3. For: $f:\mathbb{R} \rightarrow \mathbb{R}$ by $f(x) = mx + b$, shouldn't $x$ and $y$ be described as coordinates rather than vectors? If not, then why not?
4. The only logical approach to this I can think of, I will post below. (There are still some things about this that remain unclear):
I suppose we have to assume $x$ and $y$ are vectors in $\mathbb{R}$ rather than coordinates, otherwise we won't be able to use Algebraic Properties of $\mathbb{R}^n$. I suppose using $f(y)$ in the manner presented below stems from the given assumption that $x$ and $y$ are vectors and the given function. I suppose whatever $x$ can do $y$ can also do? Other than this confusion, I believe I can successfully complete what is required using Algebraic Properties of $\mathbb{R}^n$ and definition of Linear Transformation.
Given:
$\textbf{Transformation}$:
$f:\mathbb{R} \rightarrow \mathbb{R}$
$\textbf{Function}$
$f(x) = mx + b$
Assumptions:
$b \ne 0$.
$x,y$ are vectors in $\mathbb{R}$.
$c$ and $d$ are scalars.
Statements:
$f(x) = mx$
$f(y) = my$
\begin{align} f(x) + f(y) &= mx + my \\&= m(x + y) \\&= f(x + y) \end{align}
\begin{align} c \dot\ f(x) &= c(mx) \\&= m(cx) \\&=f(cx)\end{align}
\begin{align} d \dot\ f(y) &= d(my) \\&= m(dx) \\&=f(dy) \end{align}
Conclusion:
$f$ is linear.
There were several things that contributed to my confusions and frustrations about this intially.
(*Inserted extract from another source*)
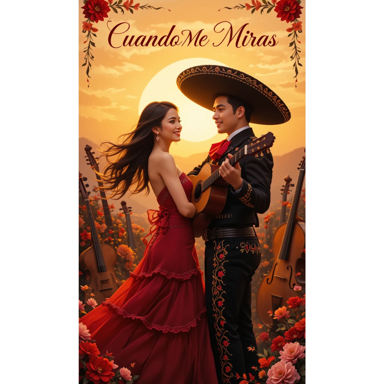 A slow-tempo ranchera builds on intensely strummed acoustic guitars, anchoring a nostalgic atmosphere, Warm, expressive violins and bold, intertwining brass create lush textures, The male vocal is deep and impassioned, soaring over dramatic mariachi arrangements in every chorus and bridge

I'm not even sure how to articulate my confusion regarding this problem clearly enough but I'll try:
1. The use of $x$ and $y$ as vectors rather than coordinates. I was under the assumption that $f(x) = mx + b$ is a linear function and $x$ and $y$ are coordinates. However, in this case, I suppose we assume $x$ and $y$ are vectors in order to use the properties of $\mathbb{R}^n$.
2. The use of the $y$ variable. I assume that the use of this variable is an essential necessity for the showing $f$ is linear and without the extra variable, it is not possible.
3. The use of $x$ and $y$ in place of $x$. I suppose because we announced $x$ and $y$ as vectors in $\mathbb{R}$ and both together are necessary for showing $f$ is linear.
4. The given textbook solution completely threw me off. I was not familiar enough with the definition to be given the solution in that manner. It did not help me understand at all.
5. With respect, it is not either of @evinda or @Evgeny.Makarov. fault. Nevertheless the only way I can explain my confusion at this particular point in time is that basically, when I received these explanations, I felt like the equivalent of a an algebra student who was already confused about algebra, but was given a differential equations problem to solve.
6. I feel that I have wasted a lot of time and that I can only benefit from the help of others if I ask specific questions about what I am confused on and if I receive specific, pointed, targeted responses to my specific question without giving any further information. And for each subsequent question I ask, the same approach is applied. Otherwise, if more information than I ask for is supplied, then the extra information will only add to my confusion.
If anyone is willing to provide further clarification on my solution and my confusions, feel free to do so.